By Frank Sietzen, Jr.
Washington - May 13, 1999 - The Clinton administration has approved a two-satellite Iridium mobile satellite launch aboard the Chinese Long March launch vehicle, the White House announced May 10th.
The launch, from China's Taiyuan Launch Center, will carry a pair of replenishment satellites up to the Iridium constellation. The Great Wall Industry Corp. will use a Long March 2C/SD as the booster, a combination that has been repeatedly used in Iridium replacement launches.
The launch, set for June 7th, will mark 20 Iridium launches in 25 months. All previous launches have been successful.
The administration's action comes in the midst of a crackdown by the U.S. State Department in exports of U.S.-made satellites and satellite components to foreign buyers and launch providers, moves that have angered the U.S. commercial space industry.

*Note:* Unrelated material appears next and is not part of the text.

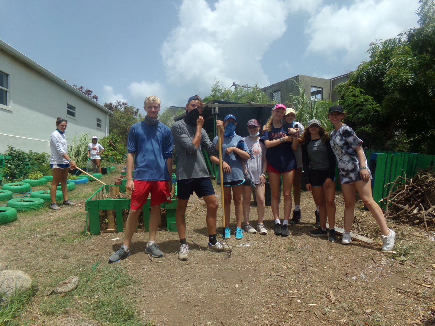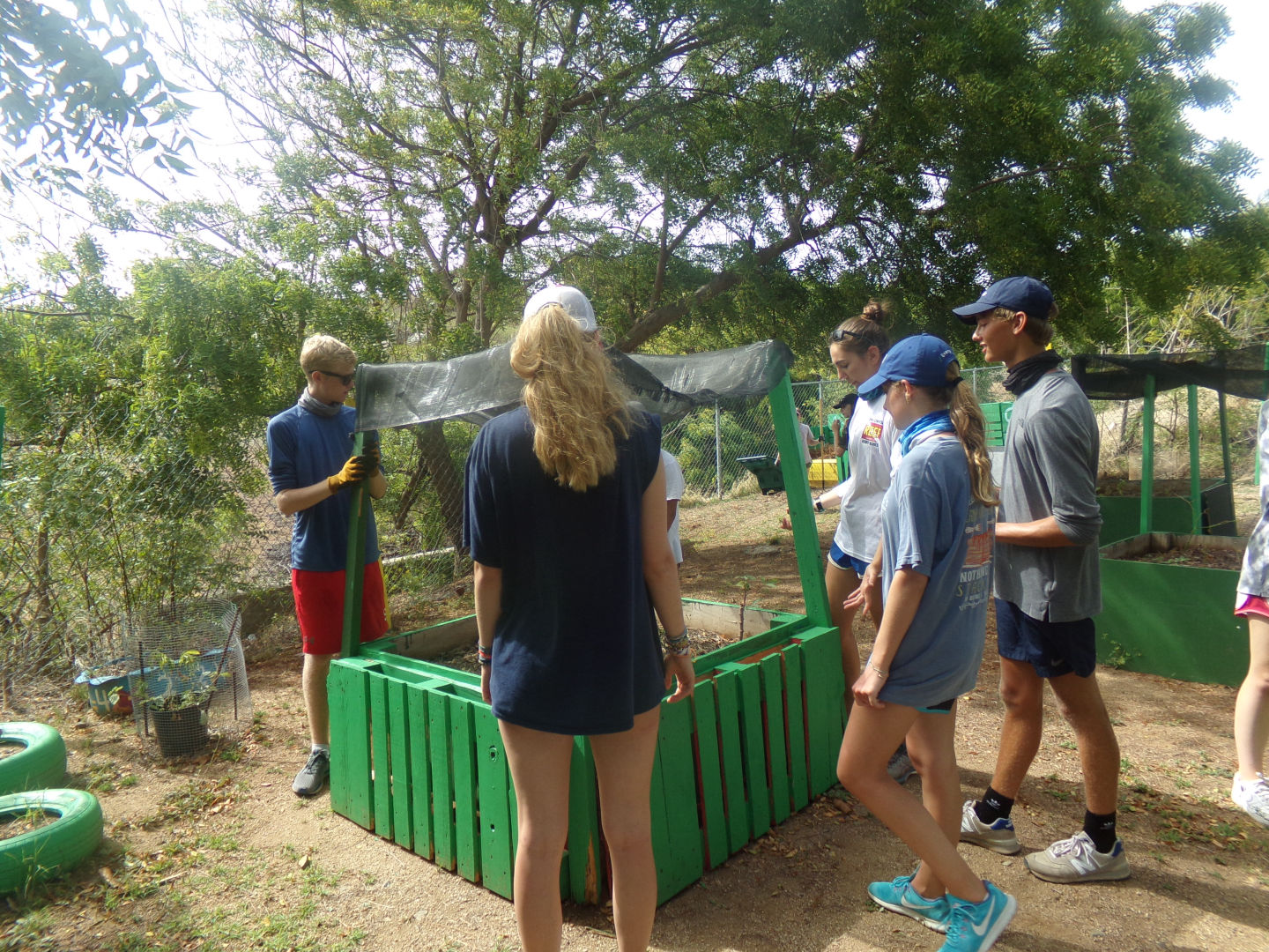 We made mulch and cleaned up gardens. At lunch, we ate lots of PBandJ and had cold water from the school. I had some more coffee with dinner, and Ari taught me how to make bracelets with yarn; it’s very fun. I’m excited to shop and have my phone tomorrow 🙂

The White House said that the Iridium launch would not effect either U.S. national security interests nor the other satellites awaiting export licenses. The Iridium approval concerns satellite rocket fuel and ordnance equipment that will be used to deploy the two spacecraft.
The dispenser system has flown aboard previous Iridium launches on the Long March 2C, the most recent being a twin satellite replenishment launch last December 19th.
Iridium's launch plan has included U.S. Delta II and Russian Proton launch vehicles in addition to the Chinese rocket. Of the total 20 launches through June's Chinese mission, 11 of the boosters purchased by Iridium have been Delta IIs.
All of the Deltas have been launched from the Air Force space center at Vandenberg Air Base, California. The most recent Delta II Iridium launch occurred Nov. 6th from Vandenberg. Additional Delta II Iridium launches are also manifested for the remainder of 1999.